The package contains the following modules:

- chunker.polynomials - implements Pol, a type which represents a polynomial from F_2[X]. I'm not quite sure what that is, but they seem to be very useful.

- chunker.rabin - implements RabinHash, which calculates a rolling Rabin Fingerprint.

- chunker - implements Chunker, an adapter range which accepts chunks of bytes (such as from File.byChunk) and emits variable-size content-defined chunks, which are split when the local Rabin Fingerprint reaches a certain value.

Links
-----

- Wikipedia: https://en.wikipedia.org/wiki/Rolling_hash#Rabin_fingerprint

- Original Go version: https://github.com/restic/chunker

- Dub package: https://code.dlang.org/packages/chunker

- Documentation: https://chunker.dpldocs.info/chunker.html (courtesy of Adam Ruppe's dpldocs service)

- Example: https://github.com/cybershadow/chunker/blob/master/src/chunker/example.d

Differences from the Go version
-------------------------------

- Chunker was adapted to be a D range and accept D ranges as input.

- The Rabin Fingerprint implementation was extracted out of Chunker and into its own module. It is usable stand-alone.

- Significant refactorings and simplifications of the implementation. The original code made some sacrifices in code readability to work around limitations of the language and compiler optimization to achieve reasonable performance.

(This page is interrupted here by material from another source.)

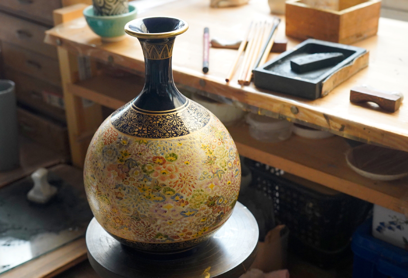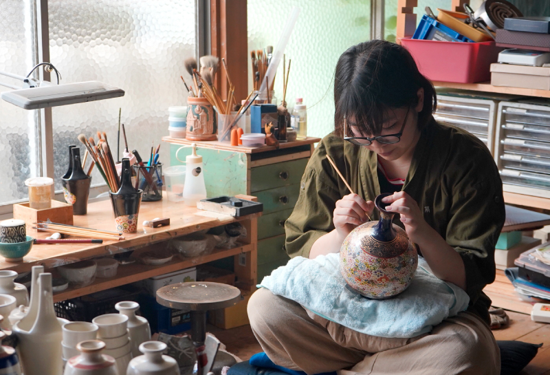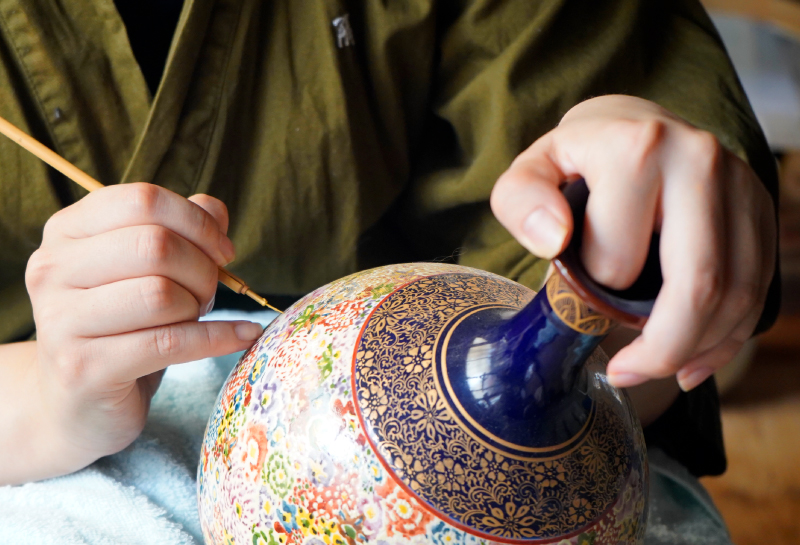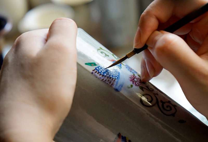 今回は白化粧を施した部分に瑞鳥が花唐草をくわえて羽ばたく様子を上絵の具と金彩で描きました。

- 20% faster than the Go version (LDC release build).

- Improved test coverage and symbol documentation.

The original package was written by Alexander Neumann and is used in the restic backup program.

September 21, 2019
On Saturday, 21 September 2019 at 03:11:11 UTC, Vladimir Panteleev wrote:
> Hi,
>
> This is a D port of a Go package implementing Content-Defined Chunking:
>
> https://github.com/CyberShadow/chunker

[...]

> - Significant refactorings and simplifications of the implementation. The original code made some sacrifices in code readability to work around limitations of the language and compiler optimization to achieve reasonable performance.
>
> - 20% faster than the Go version (LDC release build).

Marvellous! Well done.

[...]

> The original package was written by Alexander Neumann and is used in the restic backup program.

Sounds like D would have been the right language for Restic. Maybe this is enough to spark Alexander’s interest in D?

Cheers,
Bastiaan.